In the following days, she received an email. They would add her dad’s name to the book of remembrance at the service. “I was incredibly gobsmacked,” she recalls. “It was going to happen. He lost his life in that project that everyone benefits still from today. But he's remembered. He existed. And no matter how he died, he was incredibly brave. And he was my dad.”
Angie travelled to the kirk in Aberdeen to be part of the memorial service. “I have spent the best part of 50 years of my life waiting for that,” she admits. Amongst the other families who’d lost loved ones, she knew she was not alone.
She lit a candle, received condolences from the Lord Provost of Aberdeen, and left with one of the books with her father’s name inside.
“When I came out with my husband, I had a sense of joy, of relief… I've talked about my dad since that more than I’ve talked about him in a lifetime, and I’m at peace with it.”
“I feel incredibly loved”
Angie decided she was going to open the box of letters.
I found a letter from my father, which was dated the morning he died.Angie Weatherhead
She knew her parents had an off-on relationship and that they’d been reconciled around three weeks before her dad died, but she didn’t have concrete evidence. “Then I found a series of letters going back probably over six months, from my dad, in his handwriting.” In the letters, he talks about how much he loved her mum.
“Then I came across three things that took my breath away,” she states. “I'd done a Father's Day card to my father which he had kept… It's probably the only Father's Day card I ever did in my life.”
“I found a letter from my father, which was dated the morning he died.” Aswell as mentioning the extreme weather on that fateful day, he talks about how much he loved them both.
“And then I found a letter, unposted, which was written by my mum, and this one was possibly harder.” It was never posted because she then received the news about Rick’s death.

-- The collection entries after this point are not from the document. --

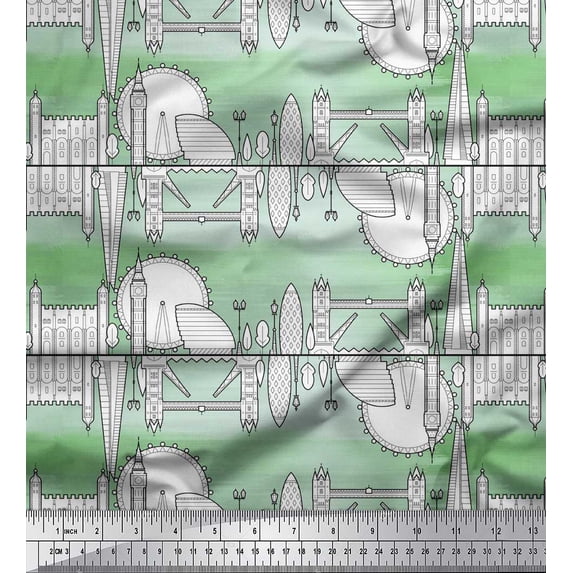 Hero image 0 of Soimoi Green Silk Fabric London Theme Architectural Print Sewing Fabric Yard 42 Inch Wide, 0 of 3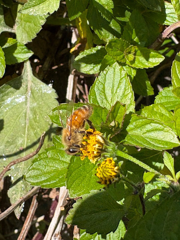 巣箱となりのセンダンソウにはセイヨウミツバチが来ていました。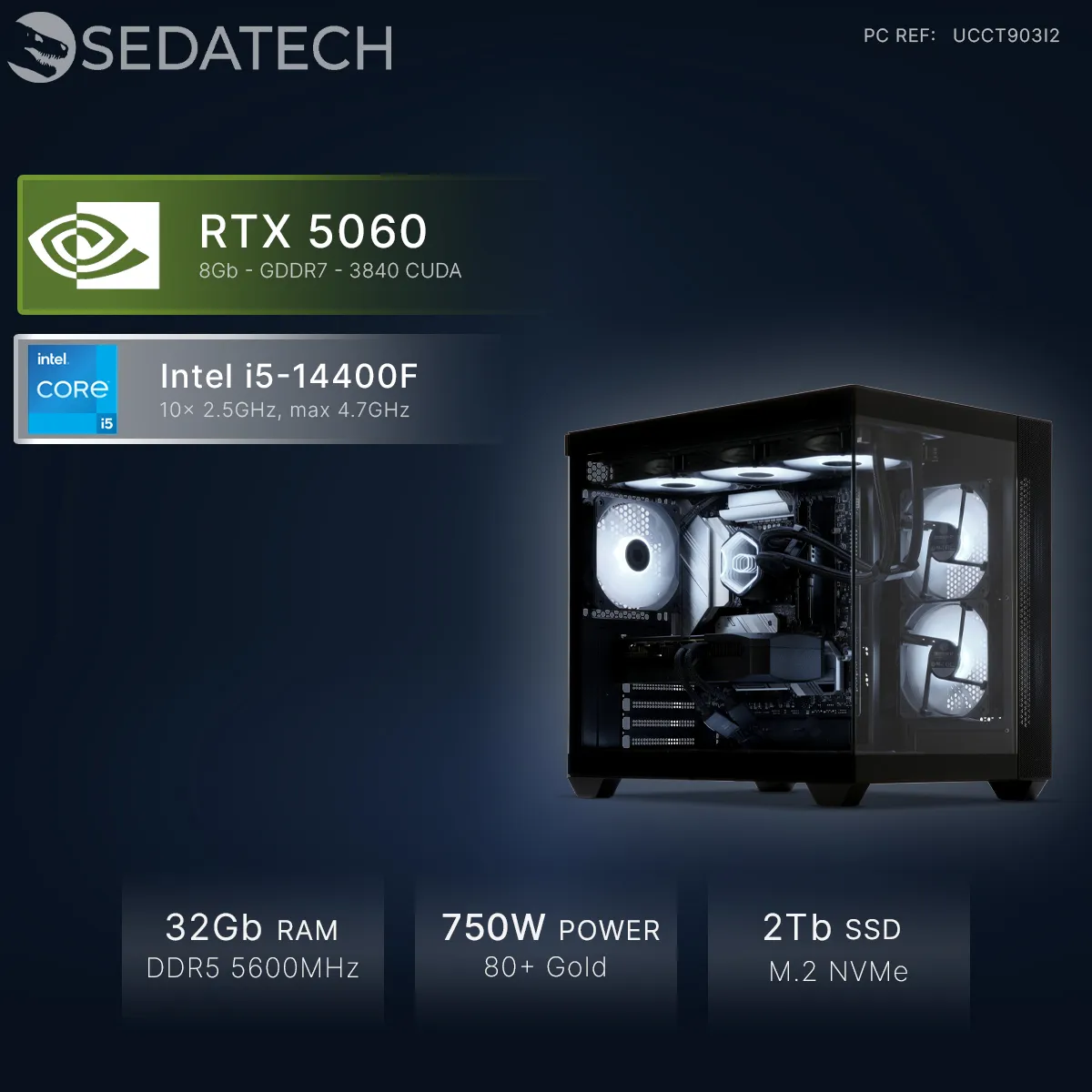 Sedatech PC Gamer, Intel i5-14400F, RTX5060, 32Go DDR5, 2To SSD, sans OS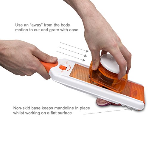 - Feature : ★ THIS DELUXE SET INCLUDES: Detachable Mandoline Slicer (Orange), Interchangeable Blades, Food Container Base, Safety Hat and Instruction Manual. / ★ BUY TODAY AND RECEIVE ALL 3 BONUSES: Mandoline Recipe Ebook, "The Best You" Ebook AND Video Tutorial - Absolutely FREE! This is the only Mandoline Slicer on the market offering so much value. So What are You Waiting For? Pick Up the Perfect Spiral Slicer, Vegetable cutter, Vegetable Grater All In One - Today! / ★ FULL HOMENATIVE WARRANTY - still not Satisfied? Let us Know and You Will be Offered a FULL Refund or Replacement - No Questions Asked! Enjoy this Absolutely RISK FREE. Purchase today by clicking the yellow "Add to Cart Button" Above / ★ 4 STAINLESS STEEL BLADES: Vegetable Slicer, Vegetable Grater, Fine Grater and Julienne Slicer! This Multi-Purpose Mandoline Slicer is Excellent for Use as Vegetable Cutter, Onion Slicer, Vegetable Peeler, Vegetable Chopper, Cheese Grater & Carrot Grater to Name a Few! The Fine Grater is Perfect for Grating Lemon or Orange Zest, as well as Being Used for Garlic, Nuts and Ginger! The Mandoline Slicer itself has Three Easily Adjustable Slice Thickness Settings: 1mm, 3mm & 5mm - Never Before has There Been So Much Flexibility when Cutting your Favourite Vegetables (Potato, Cucumber, Onion are a Breeze). Ultimately HomeNative's Mandoline Slicer Allows you to create that perfect cut, Every Time! / ★ EXTRA FEATURES - Soft Grip / Non-Skid Base to Keep Mandoline in Place Whilst Working on Flat Surface; Rotator Lock Keeps Blades Secure. Includes Safety Hat for Complete Protection. Easy to Clean- Simply Rinse Under Running Water or Place in Top Shelf of the Dishwasher. TOP TIP- Use the Julienne Slicer as a Spiralizer (or Tri Blade Slicer) to Create Long Noodle / Spaghetti Shape Vegetables! French Fry Maker with Potatoes, but Zucchini, Carrot and Butternut Squash are all Great for Julienne Slicer Function. Create Cool Paste-like Vegetables, Which are Great if You're on a Diet or Trying to Feed Your Children!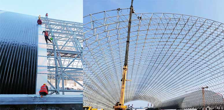 Steel structures are shipped via bulk carriers with reinforced packaging, while cladding materials are containerized for protection.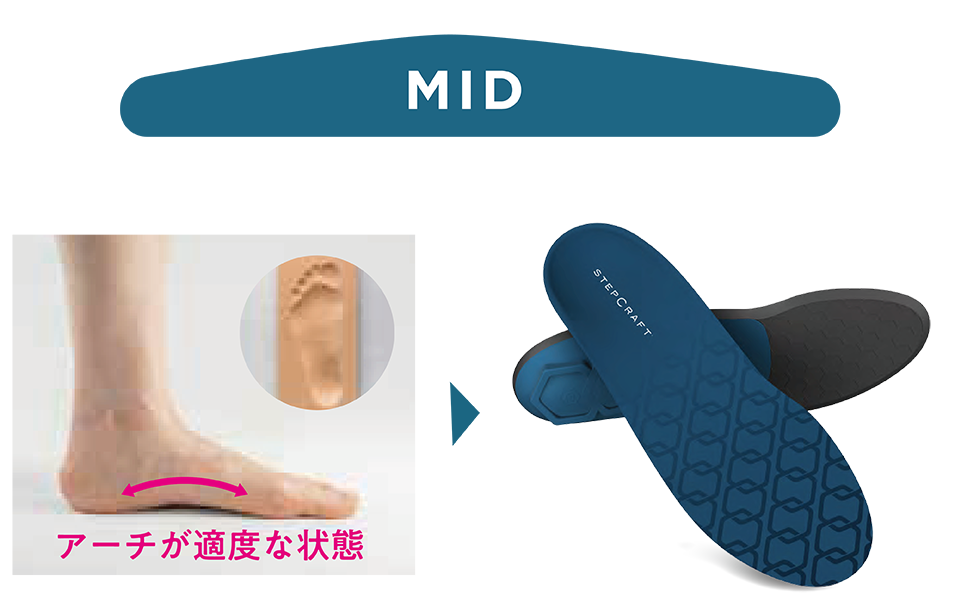 最も汎用性が高い薄型・細身のモデル。様々な足のタイプの方、幅広い種類の靴に合わせたい方におすすめ。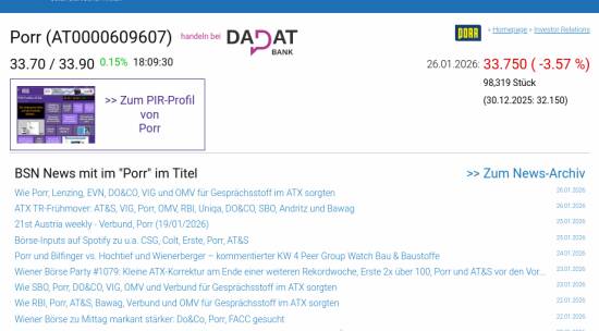 Porr am 26.1. -3,57%, Volumen 207% normaler Tage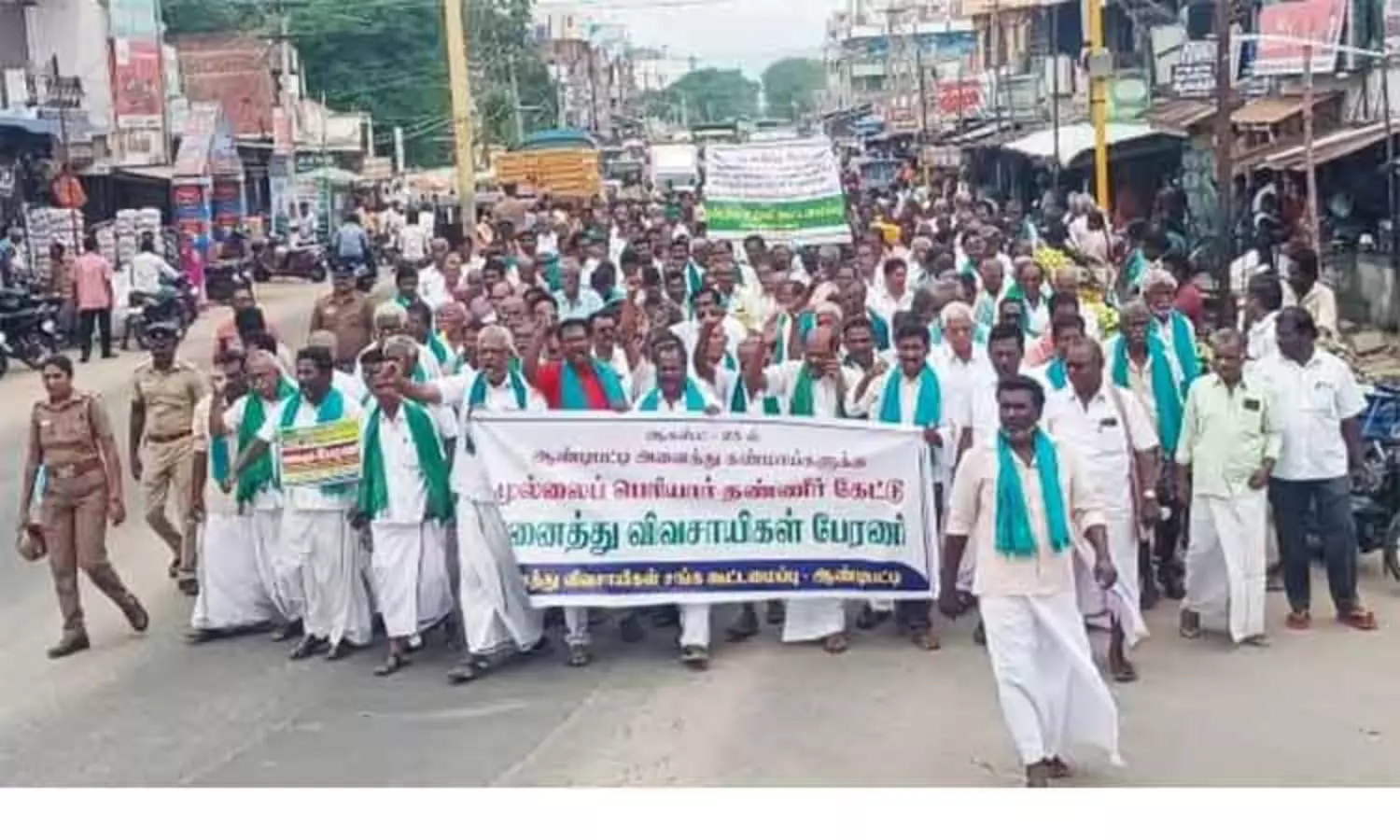 இந்நிலையில் இன்று இதே கோரிக்கையை வலியுறுத்தி ஆண்டிப்பட்டி அனைத்து விவசாயிகள் கூட்டமைப்பு சார்பில் ஊர்வலம் நடந்தது. ஆண்டிப்பட்டி தாலுகா அலுவலகம் முன்பு ெதாடங்கிய ஊர்வலத்திற்கு கூட்டமைப்பு தலைவர் சுரேஷ் தலைமை தாங்கினார். செயலாளர் தயாளன், பொருளாளர் ரகுநாதன் ஆகியோர் முன்னிலை வகித்தனர். ஊர்வலத்தை போடிதாசன்பட்டி ஊராட்சி மன்ற முன்னாள் தலைவர் வெங்கடேசன் தொடங்கி வைத்தார்.

It contains a small note from Angela to her father: “Dear Daddy, no snoring, no coughing, no smoking. Please can you get me a Scotch kit, size age 6. Love Angela.”
The letters prove her parents were going to share a life. “I now know, they loved each other.” And she too, feels “incredibly loved.”
Angela wants her experience to show others that it’s never too late: “I don’t know what the word closure means in terms of bereavement, but I have found some inner peace.”
“I’ve achieved what I wanted to achieve for my dad.”